To investigate the role of ANGPTL4 in plasma TG clearance by BAT, we injected cold-exposed Angptl4-/-, wild-type and Angptl4-Tg mice with radiolabelled VLDL-like emulsion particles containing glycerol tri[3H]oleate (hydrolysable by LPL; TRL-derived fatty acids) and [14C]cholesteryl-oleate (not hydrolysable by LPL; TRL-Chol) (see Figure 4—figure supplement 1 for experimental set-up) (Rensen et al., 1995). After 15 min, the mice were sacrificed and the tissue distribution of 3H and 14C activity was determined. As expected, cold exposure markedly increased the rate of clearance of the injected VLDL-like particles from the plasma (Figure 4A,B). However, after cold exposure, plasma clearance of glycerol tri[3H]oleate (TRL FA), but not [14C]cholesteryl-oleate (TRL Chol), was significantly slower in Angptl4-Tg mice, indicating that Angptl4-overexpression inhibits LPL-mediated plasma TG clearance in the cold (Figure 4C,D). Cold exposure caused a marked increase in TRL-derived fatty acid uptake into BAT in all three genotypes, indicating that part of the increase in fatty acid uptake is independent of ANGPTL4 (Figure 4E). However, similar to LPL activity, a clear gradient in TRL-derived fatty acid uptake into BAT was observed between the three genotypes, with lowest uptake in Angptl4-Tg mice (Figure 4E). Similar results were obtained for [14C]cholesteryl-oleate, showing a marked decrease in BAT uptake in the Angptl4-Tg mice (Figure 4F). We repeated the plasma TG clearance studies using radiolabelled lipoprotein particles with a larger diameter, resembling postprandial chylomicrons. Again, Angptl4-overexpression markedly reduced uptake into BAT of the TRL-derived fatty acids and the core label cholesteryl-oleyloleate (Figure 4G,H). To visualize the TRL uptake process, we injected hydrophobic fluorescent nanocrystals embedded in lipoprotein particles (QD-TRLs) into cold-exposed Angptl4-/-, wild-type and Angptl4-Tg mice (Bruns et al., 2009). In agreement with a role for ANGPTL4 in TRL processing in BAT, increased accumulation of QD-TRLs was observed after cold exposure of wild-type mice, but not of Angptl4-Tg mice (Figure 4I). Furthermore, Angptl4-/- mice show an accumulation of QD-TRLs in BAT even when maintained at 28°C (Figure 4I). Together, these data are supportive of a major role for ANGPTL4 as a regulator of LPL activity and concomitant uptake of fatty acids into BAT upon prolonged cold exposure.

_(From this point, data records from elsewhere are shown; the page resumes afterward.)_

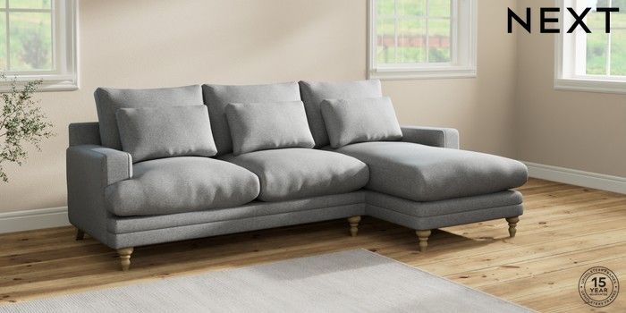 6.12.1 Buy Hutton Deep Relaxed Sit Medium Sofa Chaise - Right Hand Chunky Weave Mid Grey Country Turned - Light from the Next UK online shop Click here to use our accessible website
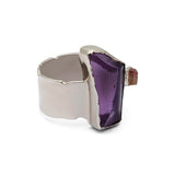 A piece that reflects the quiet elegance of nature. This ring features raw, natural amethyst set in sterling silver, showcasing the stone’s rich purple tones and organic texture. A design that feels serene, mystical, and effortlessly refined, capturing the subtle beauty of untouched gemstones.
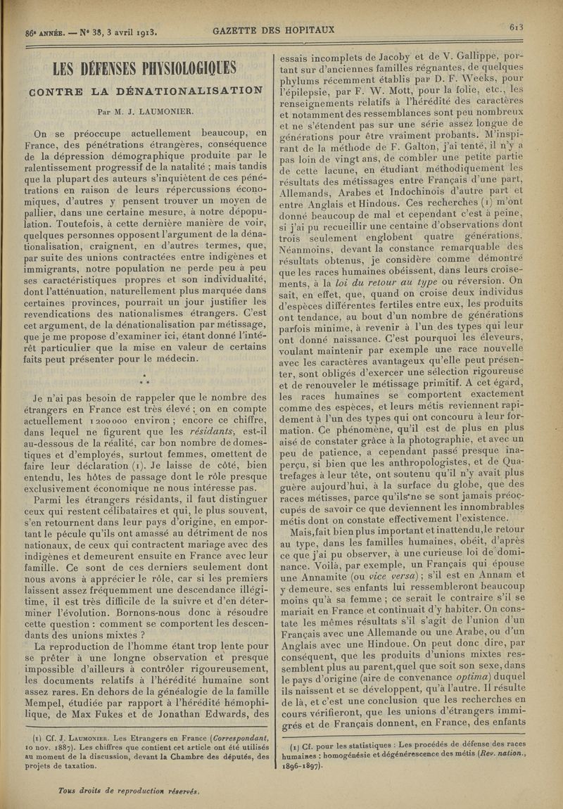 1913, tome 86e année. -
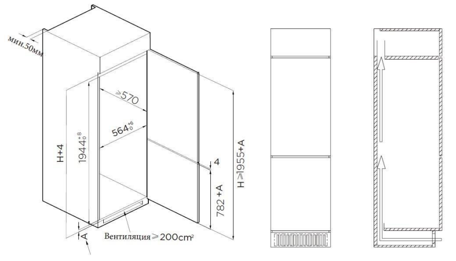 холодильник-морозильник встраиваемый, 307 л, класс энергопотребления А++, No Frost, 54х55х195,5 см

Figure 4 with 1 supplement see all
Down-regulation of ANGPTL4 in BAT upon sustained cold exposure promotes an increase in TRL-derived fatty acid uptake by BAT.

(A,B) Plasma 3H (A) and 14C (B) activity in wild-type mice exposed to 4°C or 28°C for 10 days intravenously injected with VLDL-like particles labelled with glycerol tri[3H]oleate (TRL FA) and [14C]cholesteryl-oleate (TRL Chol). (C,D) Plasma 3H (C) and 14C (D) activity in Angptl4-/-, wild-type and Angptl4-Tg mice intravenously injected with VLDL-like emulsion particles labelled with glycerol tri[3H]oleate (TRL FA) and [14C]cholesteryl-oleate (TRL Chol), following exposure to 4°C for 10 days. (E,F) 3H activity (E) and 14C activity (F) in interscapular BAT of Angptl4-/-, wild-type and Angptl4-Tg mice exposed to 4°C or 28°C for 10 days and intravenously injected with VLDL-like particles labelled with glycerol tri[3H]oleate (TRL FA) and [14C]cholesteryl-oleate (TRL Chol). (G,H) 14C and 3H activity in interscapular BAT of Angptl4-/-, wild-type and Angptl4-Tg mice exposed to 4°C or 28°C for 10 days and intravenously injected with chylomicron-like particles labelled with glycerol tri[14C]oleate (TRL FA) (G) and [3H]cholesteryl-oleyloleate (TRL Chol). (I) Fluorescent image of uptake of intravenously injected QD-TRLs into BAT of Angptl4-/-, wild-type and Angptl4-Tg mice exposed to 4°C or 28°C for 9 days. Image was taken 12 min post-injection. n = 2 mice per group.* Statistically significant compared to mice of equal genotype at 28°C or between groups as indicated by bars, according to two-way ANOVA followed by a post-hoc Tukey HSD test (p<0.05). Error bars represent ± SEM. n = 7 mice per group, unless otherwise indicated.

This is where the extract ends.